Feb. 18, 2026 at 4:31pm

While death and taxes may be inevitable, a big bill for your heirs is not. The rich have made an art of avoiding taxes and ensuring their wealth passes down effortlessly to the next generation. But the strategies they use - like trusts, taking advantage of the 'step-up' rule on investments, and keeping beneficiary designations up to date - can also benefit people with more modest estates. Estate planning experts say investing time in mapping out your estate is one of the key moves that separates the wealthy from the less well-off.

Why it matters

Most people can pass on what they have without worrying about their heirs being caught in a web of taxes, but it requires some planning to avoid a messy probate process that can hold up estates for years and cost families significantly in court fees and lawyer bills.
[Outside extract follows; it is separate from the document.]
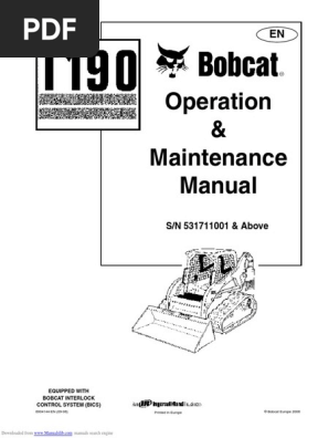 Bobcat T190 Loader Service Manual - The Repair Manual Bobcat T190 Loader Service Manual. This manual is applicable for the Bobcat T190 loader. Language English. Format: PDF. All Service Manual includes Wiring and Hydraulic Schematics. S/N 531611001 - 531659999. S/N 531711001 - 531759999. Bobcat T190 Track Loader Service Manual - 899 Pages. Operation and Maintenance Manual - 178 Pages.
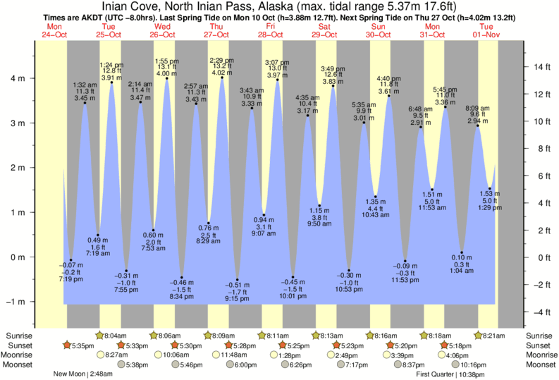 Inian Cove, North Inian Pass tide chart key: The tide chart above shows the height and times of high tide and low tide for Inian Cove, North Inian Pass, Alaska. The grey shading corresponds to nighttime hours between sunset and sunrise at Inian Cove, North Inian Pass.

The strategies used by the wealthy can help more average Americans ensure their assets are transferred to their intended heirs efficiently and with minimal tax implications.

The details

Trusts are a relatively simple tool that can make sense for many people, even those not leaving behind enough to trigger estate taxes. They can help an estate sidestep probate court and shield details from public view. The 'step-up' rule also allows many rich families to grow their wealth while ensuring their heirs won't be saddled with a big tax bill when they inherit assets like stocks, real estate, or artwork. Keeping beneficiary designations on accounts up to date is another easy way to ease the transfer of assets to loved ones.

  • The 'step-up' rule has been in place for decades, allowing wealthy families to quietly grow their assets over time.
  • Lawmakers have sometimes proposed limits on the 'step-up' rule, but it remains in place at least for now.

The players

Mark Bosler

An estate planning attorney in Troy, Michigan, and legal adviser to Real Estate Bees.

Renee Fry

The CEO of Gentreo, an online estate planner based in Quincy, Massachusetts.

Benjamin Trujillo

A partner with the wealth advisory firm Moneta, based in St. Louis, Missouri.

Allison Harrison

An attorney in Columbus, Ohio who focuses on estate planning.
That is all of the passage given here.